* [RECORDS PROVIDED]:
»»
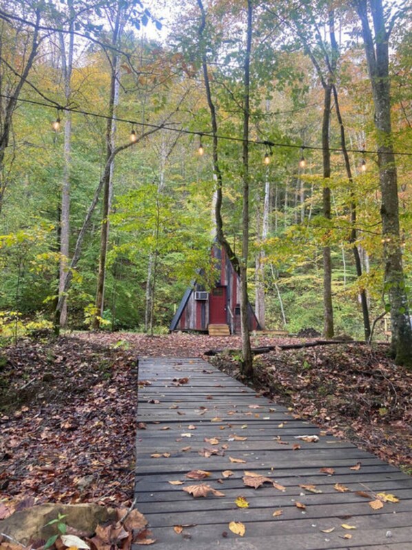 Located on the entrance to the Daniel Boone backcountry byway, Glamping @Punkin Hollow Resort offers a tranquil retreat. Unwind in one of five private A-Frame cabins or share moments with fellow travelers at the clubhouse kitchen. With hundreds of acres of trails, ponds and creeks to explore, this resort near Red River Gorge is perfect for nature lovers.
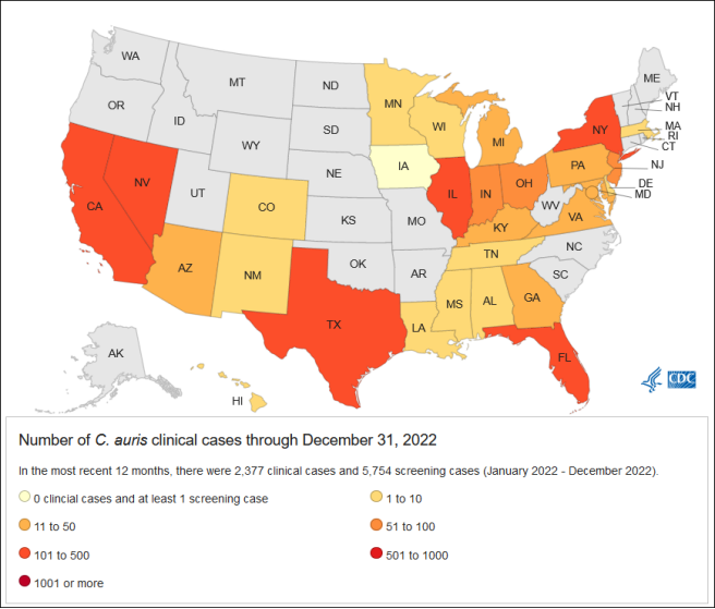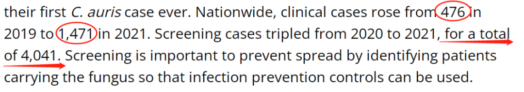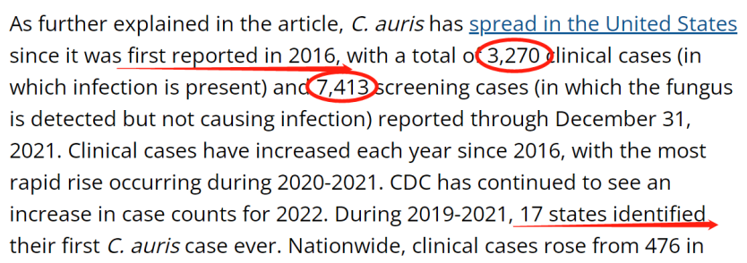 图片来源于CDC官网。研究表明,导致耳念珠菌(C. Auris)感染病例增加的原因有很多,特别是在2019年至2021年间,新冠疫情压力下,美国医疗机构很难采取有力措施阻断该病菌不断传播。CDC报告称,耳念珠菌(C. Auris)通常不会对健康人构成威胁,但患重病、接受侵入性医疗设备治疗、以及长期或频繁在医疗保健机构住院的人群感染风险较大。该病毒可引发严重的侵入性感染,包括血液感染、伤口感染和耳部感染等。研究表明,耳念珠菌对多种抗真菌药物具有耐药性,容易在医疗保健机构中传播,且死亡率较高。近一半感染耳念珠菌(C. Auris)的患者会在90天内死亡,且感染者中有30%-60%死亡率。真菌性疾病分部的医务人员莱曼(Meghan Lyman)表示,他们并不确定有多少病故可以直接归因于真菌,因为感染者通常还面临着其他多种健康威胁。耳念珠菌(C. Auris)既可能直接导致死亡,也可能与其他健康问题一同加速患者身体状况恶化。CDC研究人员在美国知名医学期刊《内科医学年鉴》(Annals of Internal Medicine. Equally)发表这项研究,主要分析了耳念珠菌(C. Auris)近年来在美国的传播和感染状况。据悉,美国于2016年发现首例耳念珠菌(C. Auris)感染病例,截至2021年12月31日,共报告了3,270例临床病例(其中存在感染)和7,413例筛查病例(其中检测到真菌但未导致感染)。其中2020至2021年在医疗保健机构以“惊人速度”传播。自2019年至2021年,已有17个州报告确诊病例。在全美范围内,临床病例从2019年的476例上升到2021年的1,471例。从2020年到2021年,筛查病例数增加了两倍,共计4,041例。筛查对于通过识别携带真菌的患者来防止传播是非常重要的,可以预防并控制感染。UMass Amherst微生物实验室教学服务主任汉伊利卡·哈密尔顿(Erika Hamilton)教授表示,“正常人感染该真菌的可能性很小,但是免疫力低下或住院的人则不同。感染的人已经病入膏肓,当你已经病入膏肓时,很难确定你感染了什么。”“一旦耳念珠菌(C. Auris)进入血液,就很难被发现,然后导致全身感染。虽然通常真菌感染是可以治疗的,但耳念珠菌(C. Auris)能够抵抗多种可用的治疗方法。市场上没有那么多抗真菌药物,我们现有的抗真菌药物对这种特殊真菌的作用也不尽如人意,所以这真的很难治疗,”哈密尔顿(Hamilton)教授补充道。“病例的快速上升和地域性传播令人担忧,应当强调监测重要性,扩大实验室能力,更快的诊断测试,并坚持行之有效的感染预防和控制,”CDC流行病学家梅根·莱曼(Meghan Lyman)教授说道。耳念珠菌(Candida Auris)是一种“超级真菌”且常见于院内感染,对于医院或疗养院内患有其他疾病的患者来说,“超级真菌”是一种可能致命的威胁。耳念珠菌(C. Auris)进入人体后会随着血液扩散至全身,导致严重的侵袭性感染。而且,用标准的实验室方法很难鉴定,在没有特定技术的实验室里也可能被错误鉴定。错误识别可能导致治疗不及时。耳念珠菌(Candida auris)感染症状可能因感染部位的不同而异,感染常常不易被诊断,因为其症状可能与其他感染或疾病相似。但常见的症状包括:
««
»»
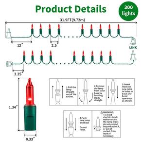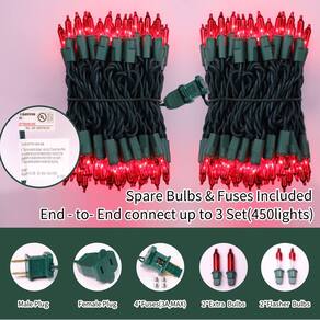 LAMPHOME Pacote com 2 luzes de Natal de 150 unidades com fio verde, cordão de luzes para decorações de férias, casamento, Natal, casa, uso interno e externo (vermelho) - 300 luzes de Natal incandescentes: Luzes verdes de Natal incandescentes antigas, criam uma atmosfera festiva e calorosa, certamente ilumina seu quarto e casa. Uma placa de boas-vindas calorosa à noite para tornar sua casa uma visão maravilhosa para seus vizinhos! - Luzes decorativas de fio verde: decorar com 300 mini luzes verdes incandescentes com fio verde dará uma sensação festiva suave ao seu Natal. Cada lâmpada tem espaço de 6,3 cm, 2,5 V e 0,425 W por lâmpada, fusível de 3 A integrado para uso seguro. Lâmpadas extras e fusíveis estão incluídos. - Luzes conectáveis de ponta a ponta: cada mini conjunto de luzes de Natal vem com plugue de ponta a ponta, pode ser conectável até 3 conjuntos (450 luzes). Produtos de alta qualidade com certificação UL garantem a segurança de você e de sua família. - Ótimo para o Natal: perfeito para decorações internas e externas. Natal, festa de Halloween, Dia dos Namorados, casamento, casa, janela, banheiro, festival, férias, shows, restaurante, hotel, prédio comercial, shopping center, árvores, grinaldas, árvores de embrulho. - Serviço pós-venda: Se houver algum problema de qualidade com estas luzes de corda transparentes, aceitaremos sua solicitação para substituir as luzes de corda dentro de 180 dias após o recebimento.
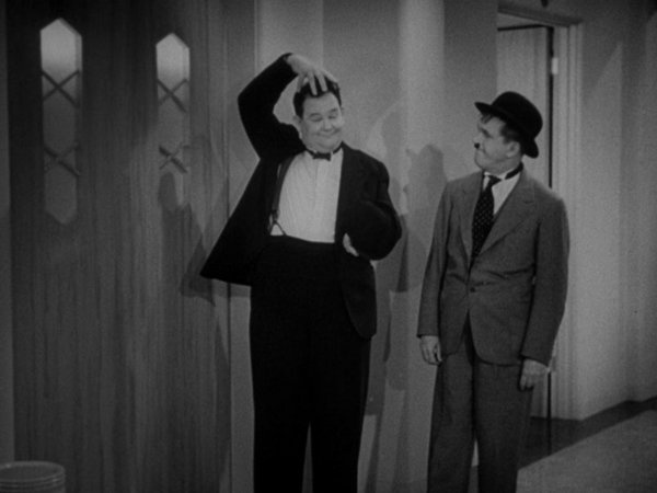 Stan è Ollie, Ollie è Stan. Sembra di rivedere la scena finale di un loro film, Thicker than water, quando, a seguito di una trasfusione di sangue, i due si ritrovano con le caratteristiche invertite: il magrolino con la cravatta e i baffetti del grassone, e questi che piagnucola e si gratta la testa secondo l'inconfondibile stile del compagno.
««
* [TASK OBJECTIVE]:
Write out again exactly the lines above from the one with "LAMPHOME Pacote com" through the one with "Stan è Ollie, Ollie", adding no other lines and no pictures.

* [SOLUTION TO THE PROBLEM]:
 LAMPHOME Pacote com 2 luzes de Natal de 150 unidades com fio verde, cordão de luzes para decorações de férias, casamento, Natal, casa, uso interno e externo (vermelho) - 300 luzes de Natal incandescentes: Luzes verdes de Natal incandescentes antigas, criam uma atmosfera festiva e calorosa, certamente ilumina seu quarto e casa. Uma placa de boas-vindas calorosa à noite para tornar sua casa uma visão maravilhosa para seus vizinhos! - Luzes decorativas de fio verde: decorar com 300 mini luzes verdes incandescentes com fio verde dará uma sensação festiva suave ao seu Natal. Cada lâmpada tem espaço de 6,3 cm, 2,5 V e 0,425 W por lâmpada, fusível de 3 A integrado para uso seguro. Lâmpadas extras e fusíveis estão incluídos. - Luzes conectáveis de ponta a ponta: cada mini conjunto de luzes de Natal vem com plugue de ponta a ponta, pode ser conectável até 3 conjuntos (450 luzes). Produtos de alta qualidade com certificação UL garantem a segurança de você e de sua família. - Ótimo para o Natal: perfeito para decorações internas e externas. Natal, festa de Halloween, Dia dos Namorados, casamento, casa, janela, banheiro, festival, férias, shows, restaurante, hotel, prédio comercial, shopping center, árvores, grinaldas, árvores de embrulho. - Serviço pós-venda: Se houver algum problema de qualidade com estas luzes de corda transparentes, aceitaremos sua solicitação para substituir as luzes de corda dentro de 180 dias após o recebimento.
 Stan è Ollie, Ollie è Stan. Sembra di rivedere la scena finale di un loro film, Thicker than water, quando, a seguito di una trasfusione di sangue, i due si ritrovano con le caratteristiche invertite: il magrolino con la cravatta e i baffetti del grassone, e questi che piagnucola e si gratta la testa secondo l'inconfondibile stile del compagno.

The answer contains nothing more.